WHAT IS EXPECTED:
Write the full listing out again, keeping every line exactly as it is.

DATASET CONTENT:

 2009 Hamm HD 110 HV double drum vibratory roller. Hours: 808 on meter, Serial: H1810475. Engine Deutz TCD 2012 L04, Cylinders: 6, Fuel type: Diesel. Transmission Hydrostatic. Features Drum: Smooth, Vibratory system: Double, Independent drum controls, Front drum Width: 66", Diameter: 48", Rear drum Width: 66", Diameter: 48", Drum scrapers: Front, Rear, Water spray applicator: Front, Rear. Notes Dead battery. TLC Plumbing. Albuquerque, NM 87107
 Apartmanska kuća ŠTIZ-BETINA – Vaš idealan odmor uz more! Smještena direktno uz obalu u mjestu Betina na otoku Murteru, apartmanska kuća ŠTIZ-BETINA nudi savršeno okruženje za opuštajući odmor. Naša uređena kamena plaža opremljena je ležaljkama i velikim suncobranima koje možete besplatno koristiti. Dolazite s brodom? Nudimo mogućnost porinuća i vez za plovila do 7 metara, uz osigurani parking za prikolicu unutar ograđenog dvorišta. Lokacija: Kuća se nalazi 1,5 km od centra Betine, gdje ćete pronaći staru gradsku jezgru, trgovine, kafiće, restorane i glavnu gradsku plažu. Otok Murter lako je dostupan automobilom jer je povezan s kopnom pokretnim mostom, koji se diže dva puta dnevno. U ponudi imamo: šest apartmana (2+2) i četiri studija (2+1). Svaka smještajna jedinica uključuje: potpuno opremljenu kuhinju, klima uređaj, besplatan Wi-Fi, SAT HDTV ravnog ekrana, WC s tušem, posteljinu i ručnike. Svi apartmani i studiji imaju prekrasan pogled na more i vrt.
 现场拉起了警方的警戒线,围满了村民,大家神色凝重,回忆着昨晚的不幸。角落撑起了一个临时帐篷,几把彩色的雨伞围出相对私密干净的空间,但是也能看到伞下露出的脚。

RESPONSE TO THIS EXERCISE:
 2009 Hamm HD 110 HV double drum vibratory roller. Hours: 808 on meter, Serial: H1810475. Engine Deutz TCD 2012 L04, Cylinders: 6, Fuel type: Diesel. Transmission Hydrostatic. Features Drum: Smooth, Vibratory system: Double, Independent drum controls, Front drum Width: 66", Diameter: 48", Rear drum Width: 66", Diameter: 48", Drum scrapers: Front, Rear, Water spray applicator: Front, Rear. Notes Dead battery. TLC Plumbing. Albuquerque, NM 87107
 Apartmanska kuća ŠTIZ-BETINA – Vaš idealan odmor uz more! Smještena direktno uz obalu u mjestu Betina na otoku Murteru, apartmanska kuća ŠTIZ-BETINA nudi savršeno okruženje za opuštajući odmor. Naša uređena kamena plaža opremljena je ležaljkama i velikim suncobranima koje možete besplatno koristiti. Dolazite s brodom? Nudimo mogućnost porinuća i vez za plovila do 7 metara, uz osigurani parking za prikolicu unutar ograđenog dvorišta. Lokacija: Kuća se nalazi 1,5 km od centra Betine, gdje ćete pronaći staru gradsku jezgru, trgovine, kafiće, restorane i glavnu gradsku plažu. Otok Murter lako je dostupan automobilom jer je povezan s kopnom pokretnim mostom, koji se diže dva puta dnevno. U ponudi imamo: šest apartmana (2+2) i četiri studija (2+1). Svaka smještajna jedinica uključuje: potpuno opremljenu kuhinju, klima uređaj, besplatan Wi-Fi, SAT HDTV ravnog ekrana, WC s tušem, posteljinu i ručnike. Svi apartmani i studiji imaju prekrasan pogled na more i vrt.
 现场拉起了警方的警戒线,围满了村民,大家神色凝重,回忆着昨晚的不幸。角落撑起了一个临时帐篷,几把彩色的雨伞围出相对私密干净的空间,但是也能看到伞下露出的脚。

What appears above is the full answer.